Proteostasis modulators that stimulate autophagy

Epithelial cells bearing the F508del-CFTR mutation manifest an increased tendency of protein aggregation affecting the NBD1 domain of CFTR,24, 72 as well as regulatory and anti-inflammatory proteins.24, 31, 32 Increased generation and defective detoxification of reactive oxygen species (ROS) entail changes of the post-translational network, including SUMOylation of the multifunctional enzyme transglutaminase-2 (TG2),73 thus preventing its ubiquitin-mediated degradation and sustaining TG2 activation31, 32 (Figure 3). TG2 in turn stimulates protein aggregation.32 Most intracellular chaperones, including those involved in CFTR trafficking, interact with TG2.73 The overactive TG2 in CF epithelia sequesters several substrate proteins,32 including the master regulator of autophagy, Beclin 1 (BECN1), hence suppressing autophagy,24 a key pathway of stress-induced adaptation to cell-autonomous or environmental stresses.74, 75 (Figure 3). Defective autophagy results in the accumulation of the autophagic substrate SQSTM1/p62 (ref. 76), which binds to ubiquitinated F508del-CFTR, thus favoring either its degradation and PM disposal.22, 25 Inhibition of the BECN1-dependent class 3 phosphatidyl-inositol-3 (PtdIns3)-kinase (PtdIns3K, also known as hVps34) reduces the availability of PtdIns3-phosphate (PtdIns3P),77 thus inhibiting endosomal trafficking and the recycling of PM proteins, including CFTR22 (Figure 3). Apparently, CFTR, TG2 and autophagy can impact on each other in feed-forward loops. Thus, CFTR inhibition activates TG2 and inhibits autophagy, while conversely TG2 inhibition and autophagy induction both have a positive impact on the abundance of functional F508del-CFTR protein. Notably, TG2 activation inhibits autophagy, and the TG2 interactome is remodeled upon autophagy induction. Thus, TG2 and autophagy intersect most quality control checkpoints that dictate the rules of F508del-CFTR processing, trafficking and PM stability.73

Restoring autophagy flux by genetic interventions (enforced expression of BECN1), depletion of SQSTM1/p62 or inhibiting TG2 by means of the proteostasis regulator cysteamine, can rescue F508del-CFTR expression at the PM and restore its function in human bronchial epithelial cell lines, in primary nasal cells from F508del CF patients, as well as in vivo in transgenic mice bearing the equivalent of the F508del mutation24, 25 (Figure 3). As a consequence, cysteamine reduces lung inflammation and prevents the juvenile over-mortality of F508del-CFTR mice due to intestinal obstruction.35 Cysteamine effects on PM expression of F508del-CFTR last 24 h beyond its washout.25, 35 Moreover cysteamine effects on lung inflammation persist for several days following its withdrawal.35 These results suggest that cysteamine can both rescue and stabilize F508del-CFTR protein at the PM and that targeting autophagy may help circumventing the CFTR defect35, 36 In addition, autophagy stimulation by rapamycin or SQSTM1/p62 depletion restores bacterial killing by F508del-CFTR macrophages.27, 28, 29, 30 Recently, Romani et al. reported that the naturally occurring polypeptide thymosin α1 is endowed with a dual ability to control inflammation and rectify the functional defects of F508del-CFTR through restoring autophagy, both in F508del-CFTR homozygous mice and human bronchial epithelial cells.78

Altogether these results suggest that stimulation of autophagy may improve CF caused by the frequent F508del-CFTR mutation.
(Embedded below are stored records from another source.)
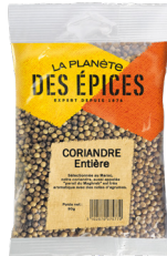
CORIANDRE ENTIÈRE - 90g Coriander Seeds EAN code : 3102870075779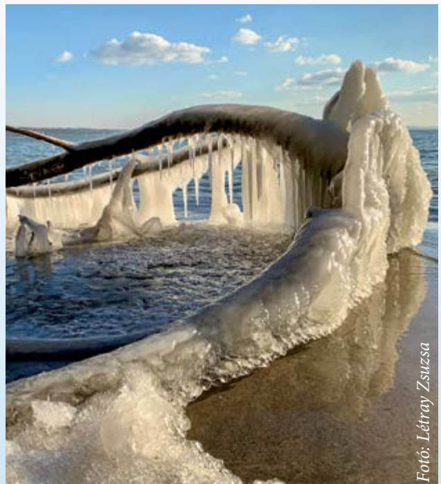
Fotó: Létray Zsuzsa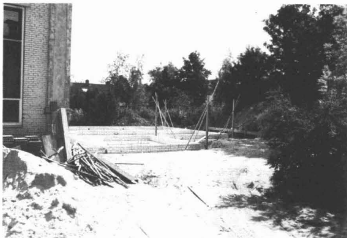
Nieuwbouw van de school in Garmerwolde.

Er is in Nederland een wet voor het basisonderwijs. Hierin staat o.a. dat de kleuterschool en de lagere school in één gebouw moeten zitten en dat dat geheel basisschool genoemd wordt. Bovendien moeten groep 1 en 2, de kleuters dus, gymnastiek onderwijs krijgen in hetzelfde gebouw.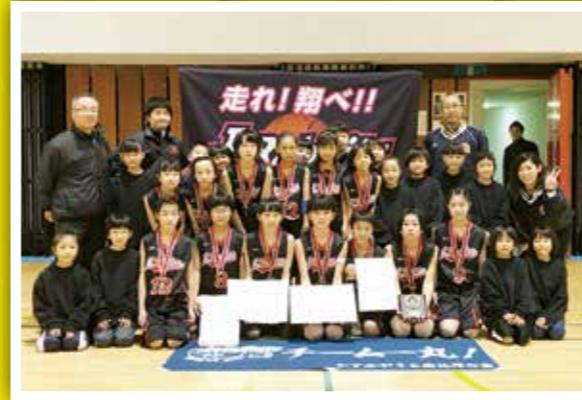
かすみがうら南J・ラビッツ 茨城県ミニバスケットボール選手権大会 (茨城新聞社杯茨城県ミニバスケット ボール選手権大会) 第3位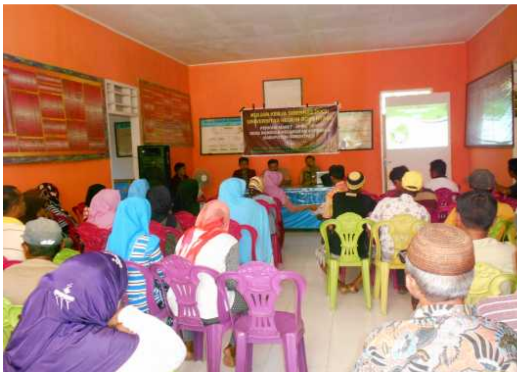
Gambar 4. Pelatihan dan penyuluhan teknologi adaptasi iklim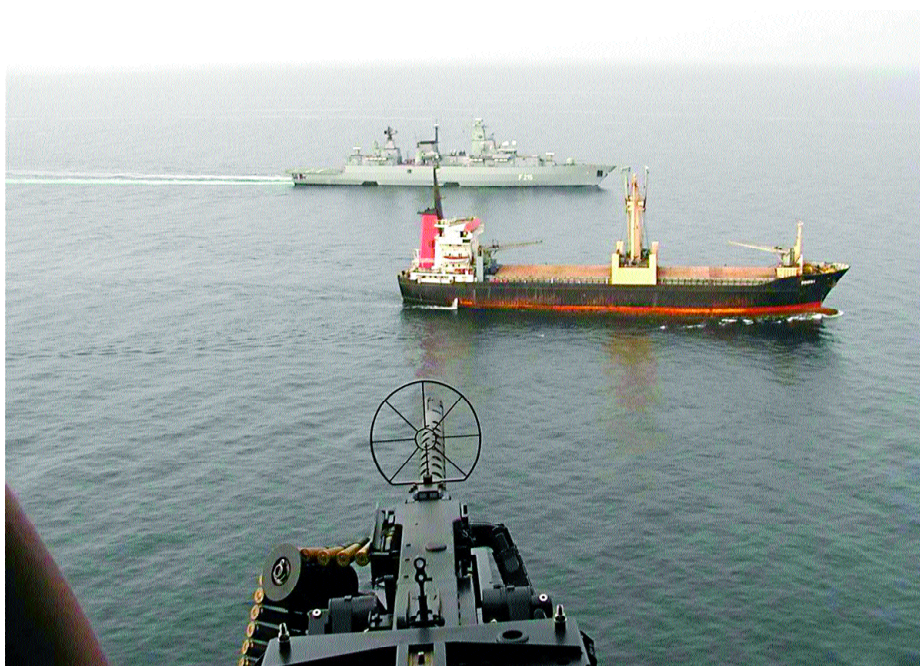
Misión de escolta durante la operación RESOLUTE BEHAVIOUR.

A estos parabienes, por otro lado comunes a todos los que navegan, hay que sumar la sencillez de su estructura, ya que no tiene prácticamente órganos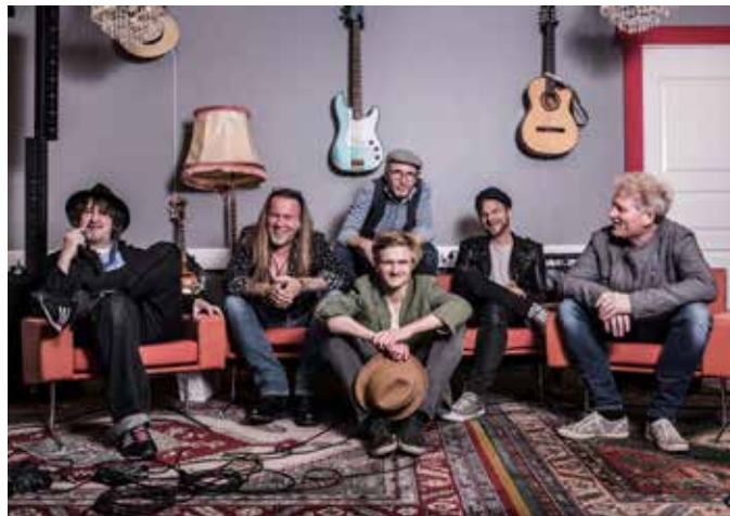
I forbindelse med sitt nye album har Vamp kommet opp med AlbumBoka . En trykt bok i vinylsingel-format, som et supplement for dem som kun benytter seg av strømmetjenester.

Det som først fremstår som mindre kraftfullt, skjuler en enorm energi som kombineres med en leken nyanserikdom. Og med ett forenes de ofte lekne og underfundige fortellingene med et smittende musikalsk smil.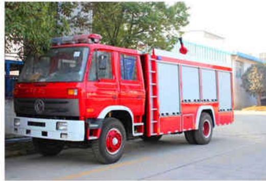
6000L DongFeng Water Fire Truck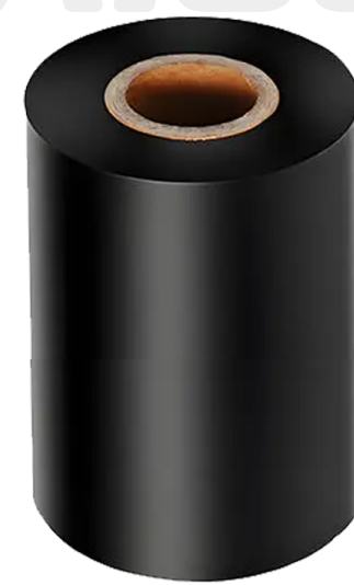
CINTA RIBBON NEGRO 20MM X 50 METROS ART.32388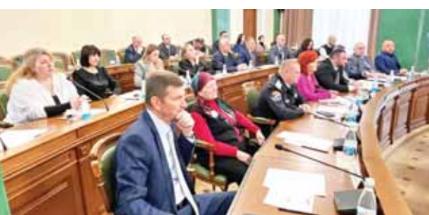
Заседание Совета по вопросам сохранения и укрепления традиционных российских духовно-нравственных ценностей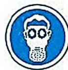
Protección vías respiratorias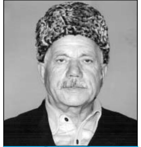
Росдал шагІур XI ГъазимухАмадов

васал ва ясал руго батІибатІиял бакІазда тохтурзабилъун цІалулел ва хІалтІулел. 1970 соналъ мундерил Кардоналдаса, багІараб къоде швезегІан (8 км. 800 метр халалъи бугеб), ГІахъвахъ ва Цумада районозде нух къокъ гъабун бахъана Кванхидаль росулъан. Гъев хІалтІуль бажари ва жигарчилъи бихъизабуна Цумада районлъул Гъаквари росулъа ИзмагІилов Супяница (мунагІал чураяв). Гъев нух рагъаралдаса кванхдерие рес швана тІубанго росу, хур, ах цІи гъабизе, бечедго ГІумру гъабизе. Машинадул кумек шведаль ГІемерал цІиял минаби рана росулъ. Ахириял соназ цІидасан къачІана росдал клуб, гІатІид гъабуна школалъул мина ва гъенибго цІияб тІохги лъуна. Росулъе бачана жибго чвахун бачІунеб ва ГІурухъан насосаль къабунеб лъим. Бана медпункт, къачІана рузманалъул мажгит, цІидасан цІана токалъул кварал,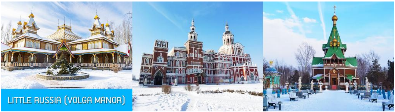
LITTLE RUSSIA (VOLGA MANOR)

จากนั้นนำท่านเที่ยวชม สวน LITTLE RUSSIA (VOLGA MANOR) 伏尔加庄园 สวนคฤหาสน์ที่ออกแบบคล้ายพระราชวังสไตล์รัสเซียในยุคกลาง บนเนื้อที่กว่า 600,000 ตารางเมตร แหล่งท่องเที่ยวระดับ 4A และเป็นศูนย์แลกเปลี่ยนทางวัฒนธรรมจีนและรัสเซีย อาคารทุกหลังภายในสวนแห่งนี้ล้วนถูกออกแบบอย่างปราณีตโดยสถาปนิกชาวรัสเซีย ประกอบด้วยอาคารและคฤหาสน์हरुสไตล์รัสเซียที่โดดเด่นด้วยเอกลักษณ์ อาทิ วิหาร โรงแรม ภัตตาคาร พิพิธภัณฑ์ศิลปะ โบสถ์คริสต์ต่อโชคดอกซ์ โรงเหล้าอดก้า ฯลฯ ที่แวดล้อมด้วยต้นไม้สวนหย่อม ธารน้ำ สะพานไม้ เป็นแหล่งท่องเที่ยวสไตล์รัสเซียที่มีมุมเก็บภาพและจุดเช็คอินเก๋ไก๋มากที่สุดในเมืองฮาร์บิน. ให้ท่านเดินเล่น และเก็บภาพตามมุมสวยในสวนที่เปลี่ยนไปเป็นลานหิมะ สวยงามแปลกตา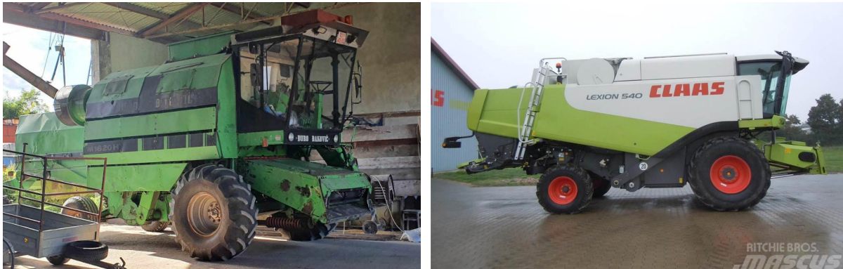
Slika 3. Kombajni upotrebljavani u uzgoju pšenice

Slika 3 prikazuje dvije vrste kombajna uz pomoć koji je obavljena žetva na istraživanim OPG-ovima.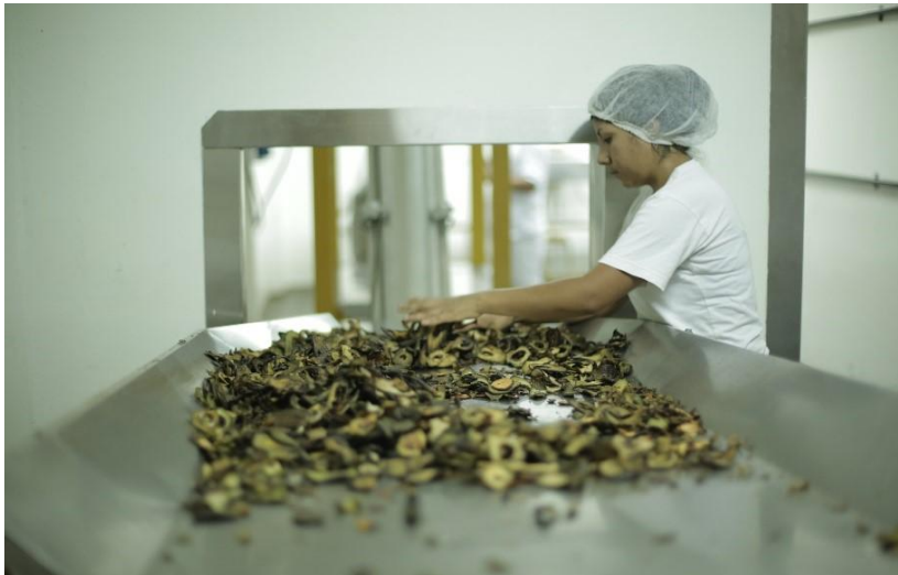
Séchage et tri des avocats entiers à Lima, au Pérou.

« Science & conscience, naturellement », telle est la philosophie de l'activité Actifs Cosmétiques d'Expanscience. Forts de 40 années d'expérience dans le domaine des matières premières végétales, Expanscience développe, dans le respect de l'Homme et de son environnement, des actifs cosmétiques naturels innovants et de haute qualité grâce à un savoir-faire en matière de lipochimie, de distillation moléculaire et d'extraction végétale. Cette démarche responsable est reconnue par la certification B Corp d'Expanscience depuis 2018 et par l'UEBT (Union for Ethical BioTrade) dont l'entreprise est membre depuis 2011.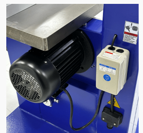
ЕКОНОМИЧЕН И МОЌЕН МОТОР

Масивни тркала со 500mm дијаметар и 35mm ширина, на кој е поставена пила со димензии 4020x16mm.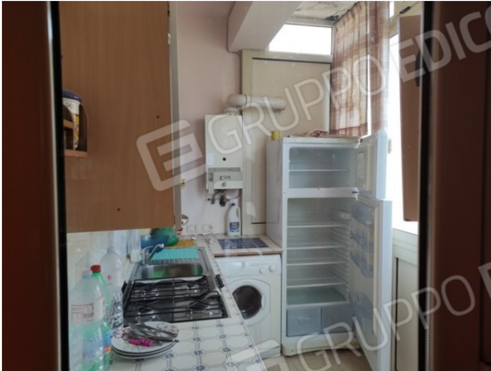
Fotografia J.5 - Veranda su balcone nord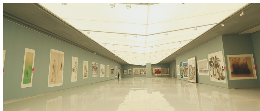
现代的灯光设计，使展览达到最佳效果(实景图)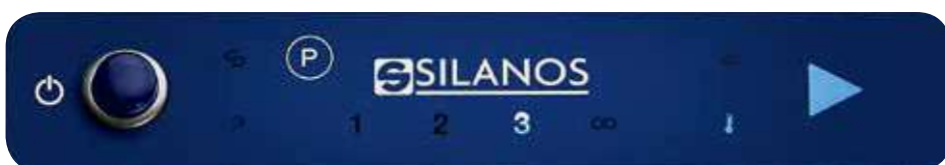
Panel Serie DIGIT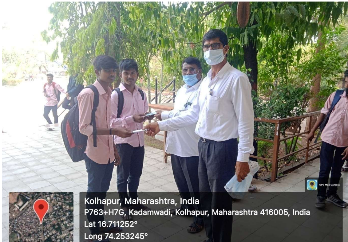
Distribution of Mask to students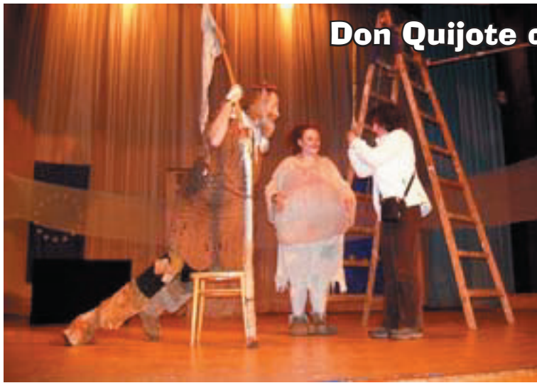
Don Quijote de la mAncha

Proteostasis modulators that target the phosphoproteome

CFTR channel function is deeply influenced by its phosphorylation status (reviewed in ref. 33). The open probability of CFTR channel is increased by the protein kinase A (PKA)-mediated phosphorylation of the R domain.12, 33 Other kinases can favor CFTR opening (as exemplified by cGMP-dependent protein kinase SRC and prolin-rich tyrosine kinase PYK2),79 inhibit CFTR channel activity (AMP-dependent protein kinase, AMPK, and lemur tyrosine kinase, LMTK2)80 or exert a dual activity on its function (PKC).33 Beyond these direct phosphorylation reactions affecting channel function, a wide array of kinases influence CFTR traffic, stability and function.33 Among others, a crosstalk between spleen tyrosine kinase (SYK) and the with-no-lysine (WNK) protein kinases can regulate CFTR trafficking to the PM, as well as PM residence. More importantly, the master kinase protein kinase CK2 (CK2) phosphorylates CFTR and regulates CFTR biogenesis at multiple levels in a hierarchical synergy with SYK.80 The interplay between CK2 and CFTR is bilateral in thus far that CK2 stimulates proteolytic CFTR degradation and the resulting CFTR fragment allosterically activates CK2, hence closing a positive feed forward loop.81, 82, 83 Accordingly, CX-4945, a selective CK2 inhibitor, stabilizes F508del-CFTR protein at the PM following rescue by cysteamine.35 The search of natural compounds that act similarly as CX-4945 led to the discovery of the over-the-counter nutraceutical epigallocatechin-gallate (EGCG) as a CK2 inhibitor. Similarly to CX-4945, EGCG stabilizes F508del-CFTR at the PM for up to 48 h following cysteamine washout in primary nasal epithelial cells from F508-CFTR homozygous and compound heterozygous patients.35 EGCG also prolongs the beneficial effects of cysteamine for several weeks in F508del-CFTR homozygous or F508del/null CFTR mice.35, 36 Two open-label phase 2 trials in F508-CFTR homozygous and compound heterozygous patients demonstrated that sequential treatment with cysteamine and EGCG significantly decreased sweat chloride concentrations and reduced airway inflammation.35, 36 Thus, combinations of distinct proteostasis regulators may be efficient against CF. Future research will establish optimal combinations and treatment schedules for such proteostasis regulators.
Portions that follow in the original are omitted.